Friday, November 1, 2024

Enhance!

 

AI, Satellite Images, Sci-Fi, and Magic

I remember watching Blade Runner as a kid—the original from 1982, when we were using DOS on 386 computers with CRT monitors. I was particularly fascinated by the scene where Harrison Ford mumbles instructions to a computer that seems to understand everything perfectly. What really baffled me was the "enhance" command. From a low-quality scan of a paper photo, the computer extracts absurdly detailed parts of the image through a series of panning, zooming, and "enhance" commands. I vividly thought, "It's impossible for the computer to retrieve information that isn’t there." This "enhance" trick defies the laws of information theory, thermodynamics, or whatever other principle there might be —it's just cinematic magic.

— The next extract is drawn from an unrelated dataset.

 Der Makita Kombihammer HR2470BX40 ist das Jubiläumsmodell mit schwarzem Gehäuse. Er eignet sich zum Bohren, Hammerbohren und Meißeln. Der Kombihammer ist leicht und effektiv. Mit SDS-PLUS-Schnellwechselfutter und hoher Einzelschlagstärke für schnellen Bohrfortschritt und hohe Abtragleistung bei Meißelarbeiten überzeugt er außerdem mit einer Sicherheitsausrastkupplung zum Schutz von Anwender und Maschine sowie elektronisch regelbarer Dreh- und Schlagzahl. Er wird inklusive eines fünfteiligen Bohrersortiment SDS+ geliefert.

Fast forward to 2024. I recently stumbled upon a post about how AI models have been used to "enhance" low-resolution satellite images. This led me to the Satlas project at the Allen Institute for Artificial Intelligence. I was particularly excited by the "Super Resolution" model, which takes Sentinel-2 satellite images (those used in GeoFS) with a maximum resolution of 10 meters per pixel and refines them to 1 meter per pixel using some clever AI techniques.

Sentinel-2 (left) and Super Resolution (right)

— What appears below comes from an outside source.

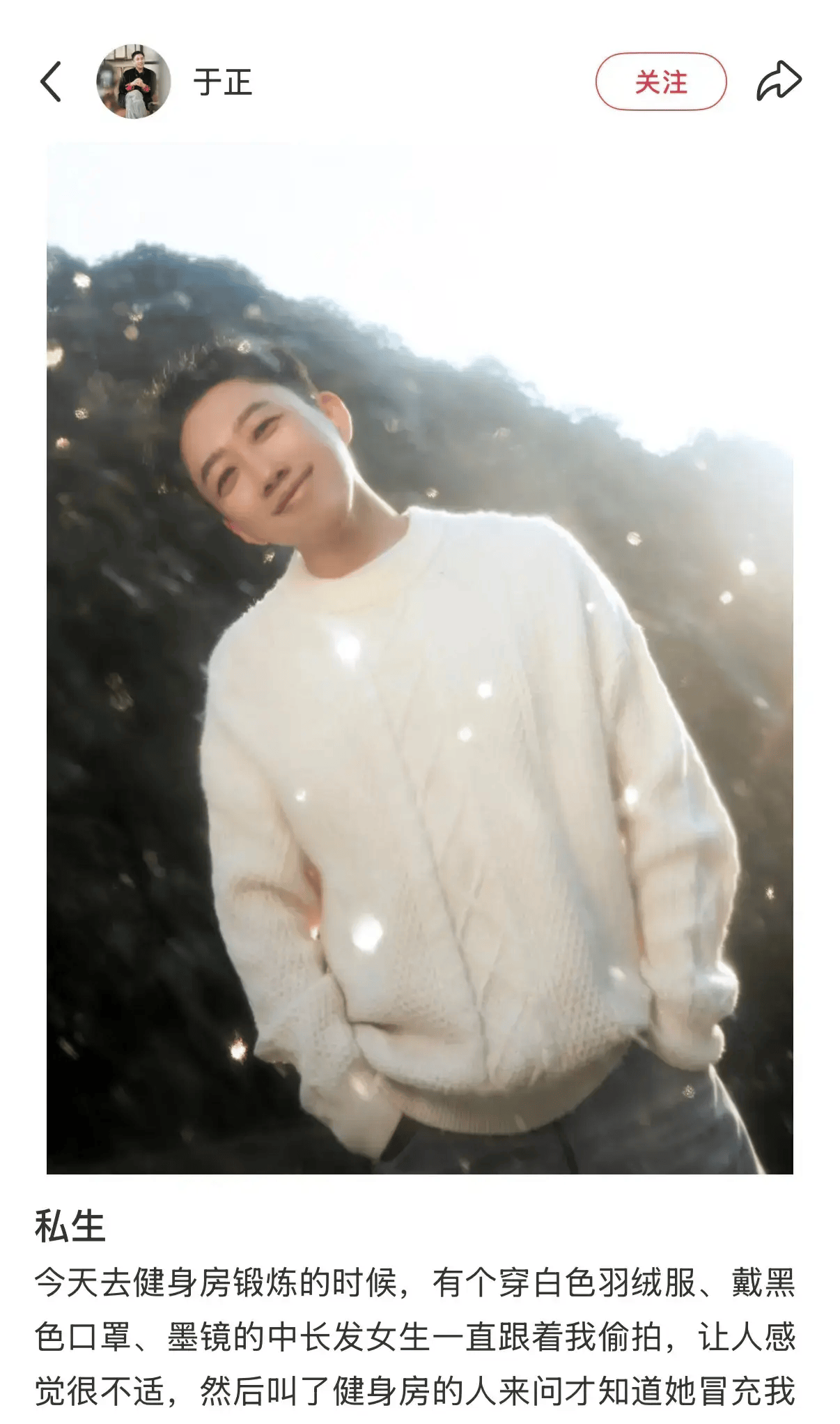 咱就是说这操作也太离谱了!于正说偷拍的是个穿白羽绒服、戴口罩墨镜的女生,一直跟在他身后拍,搞得他练得都不自在。他特意强调,健身房全是大重量器械,自己之前还不小心让哑铃砸到过脚,这么近距离跟着,真怕误伤对方。

Generative AI can be a tricky process; it may sometimes hallucinate or create strange artifacts. But, as Arthur C. Clarke put it, the results can be "indistinguishable from magic." The information doesn’t come from nowhere, though. The model was trained using temporal series data (Sentinel-2 images are updated regularly and cover many years) and freely available high-resolution images (such as NAIP).

Hallucinating AI

The resulting dataset was made available to GeoFS by the Allen Institute's "Super Resolution" team, led by Piper Wolters, whom I want to thank for helping to get this data ready for GeoFS. Her team, which includes Favyen Bastani and Ani Kembhavi, has published a paper about their research, which you can read here.

This new data will replace the aging, blurry Sentinel-2 images in GeoFS. While this is still an experimental phase and availability may change, you can currently enjoy GeoFS in "SR" Super Resolution, worldwide and for free. Just say: "Enhance!"